▸ Materials provided:

◆ ◆ ◆ ◆

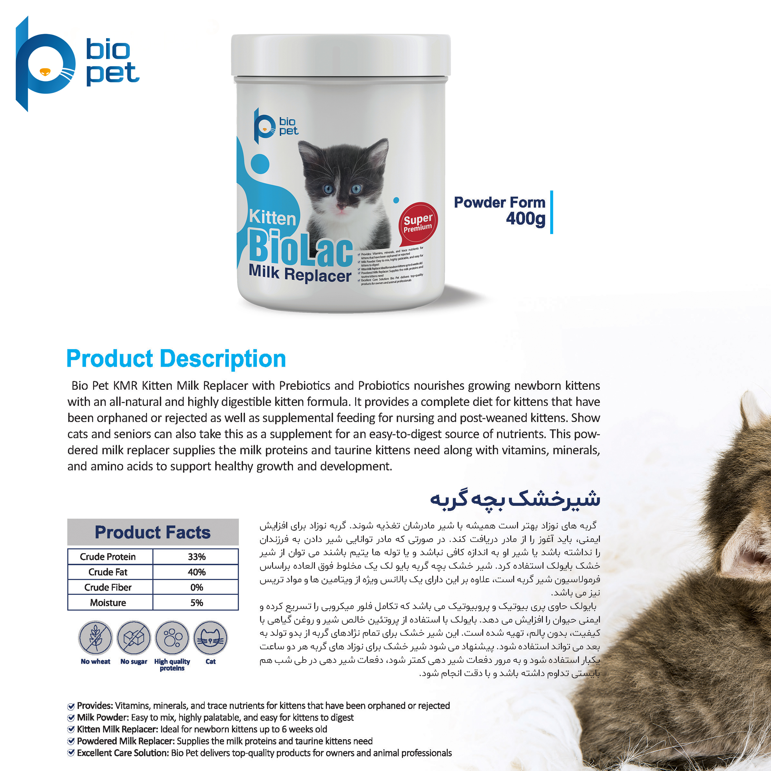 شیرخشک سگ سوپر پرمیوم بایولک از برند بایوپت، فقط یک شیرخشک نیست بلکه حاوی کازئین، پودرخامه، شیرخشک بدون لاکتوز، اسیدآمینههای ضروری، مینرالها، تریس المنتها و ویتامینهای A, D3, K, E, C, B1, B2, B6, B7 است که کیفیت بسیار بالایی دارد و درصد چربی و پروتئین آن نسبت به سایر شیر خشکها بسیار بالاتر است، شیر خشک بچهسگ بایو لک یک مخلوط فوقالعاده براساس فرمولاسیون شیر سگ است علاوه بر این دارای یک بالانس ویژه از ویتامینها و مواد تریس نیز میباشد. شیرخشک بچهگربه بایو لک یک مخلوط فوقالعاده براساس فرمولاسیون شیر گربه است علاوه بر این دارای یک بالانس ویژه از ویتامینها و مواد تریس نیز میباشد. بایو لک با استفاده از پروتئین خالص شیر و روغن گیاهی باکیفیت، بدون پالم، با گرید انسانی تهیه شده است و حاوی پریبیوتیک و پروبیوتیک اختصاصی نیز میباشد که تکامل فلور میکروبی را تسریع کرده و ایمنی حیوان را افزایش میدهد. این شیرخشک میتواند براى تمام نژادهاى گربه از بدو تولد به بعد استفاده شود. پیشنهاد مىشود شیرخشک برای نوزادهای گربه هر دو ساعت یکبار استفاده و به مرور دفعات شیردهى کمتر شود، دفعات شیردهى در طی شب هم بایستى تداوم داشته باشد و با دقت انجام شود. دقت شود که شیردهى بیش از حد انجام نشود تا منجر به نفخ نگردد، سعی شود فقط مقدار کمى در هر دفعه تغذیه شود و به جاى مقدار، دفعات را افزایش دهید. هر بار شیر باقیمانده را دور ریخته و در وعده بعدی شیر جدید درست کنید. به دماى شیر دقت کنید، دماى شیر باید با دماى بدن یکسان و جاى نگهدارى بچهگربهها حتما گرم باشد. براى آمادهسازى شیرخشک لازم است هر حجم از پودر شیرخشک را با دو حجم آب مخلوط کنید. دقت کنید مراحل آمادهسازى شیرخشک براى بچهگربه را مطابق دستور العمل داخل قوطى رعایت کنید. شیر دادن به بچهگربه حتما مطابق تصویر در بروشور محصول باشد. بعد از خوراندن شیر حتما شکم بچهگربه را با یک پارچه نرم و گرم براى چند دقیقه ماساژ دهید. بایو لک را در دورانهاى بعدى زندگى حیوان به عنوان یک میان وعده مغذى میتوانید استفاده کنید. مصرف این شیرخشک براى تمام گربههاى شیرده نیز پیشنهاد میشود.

◆ ◆ ◆ ◆

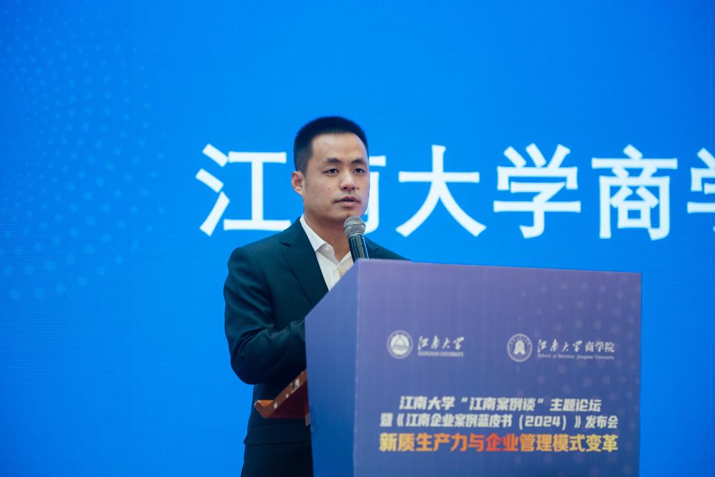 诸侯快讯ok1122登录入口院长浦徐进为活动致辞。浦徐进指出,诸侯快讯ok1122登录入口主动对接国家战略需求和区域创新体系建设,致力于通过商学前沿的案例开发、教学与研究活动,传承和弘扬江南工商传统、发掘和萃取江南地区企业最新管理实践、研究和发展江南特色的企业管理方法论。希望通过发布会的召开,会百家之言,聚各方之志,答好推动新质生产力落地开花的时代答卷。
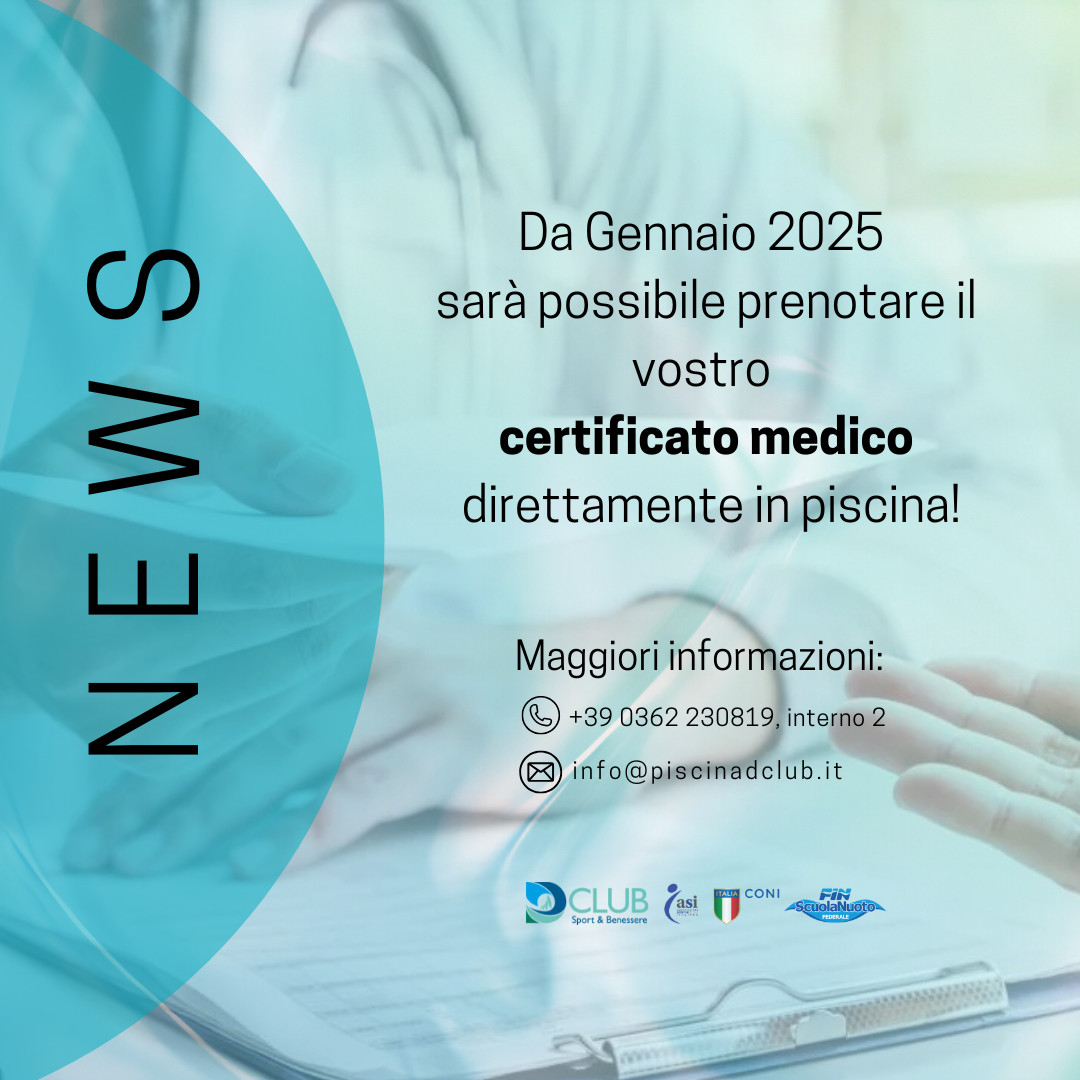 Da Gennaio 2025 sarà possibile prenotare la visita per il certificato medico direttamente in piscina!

◆ ◆ ◆ ◆

▸ Action item:
In the records above, find the line with "诸侯快讯ok1122登录入口院长浦徐进为" and the line with "Da Gennaio 2025", then restate word for word only those two lines and all lines between, omitting pictures.

▸ Result for this task:
 诸侯快讯ok1122登录入口院长浦徐进为活动致辞。浦徐进指出,诸侯快讯ok1122登录入口主动对接国家战略需求和区域创新体系建设,致力于通过商学前沿的案例开发、教学与研究活动,传承和弘扬江南工商传统、发掘和萃取江南地区企业最新管理实践、研究和发展江南特色的企业管理方法论。希望通过发布会的召开,会百家之言,聚各方之志,答好推动新质生产力落地开花的时代答卷。
 Da Gennaio 2025 sarà possibile prenotare la visita per il certificato medico direttamente in piscina!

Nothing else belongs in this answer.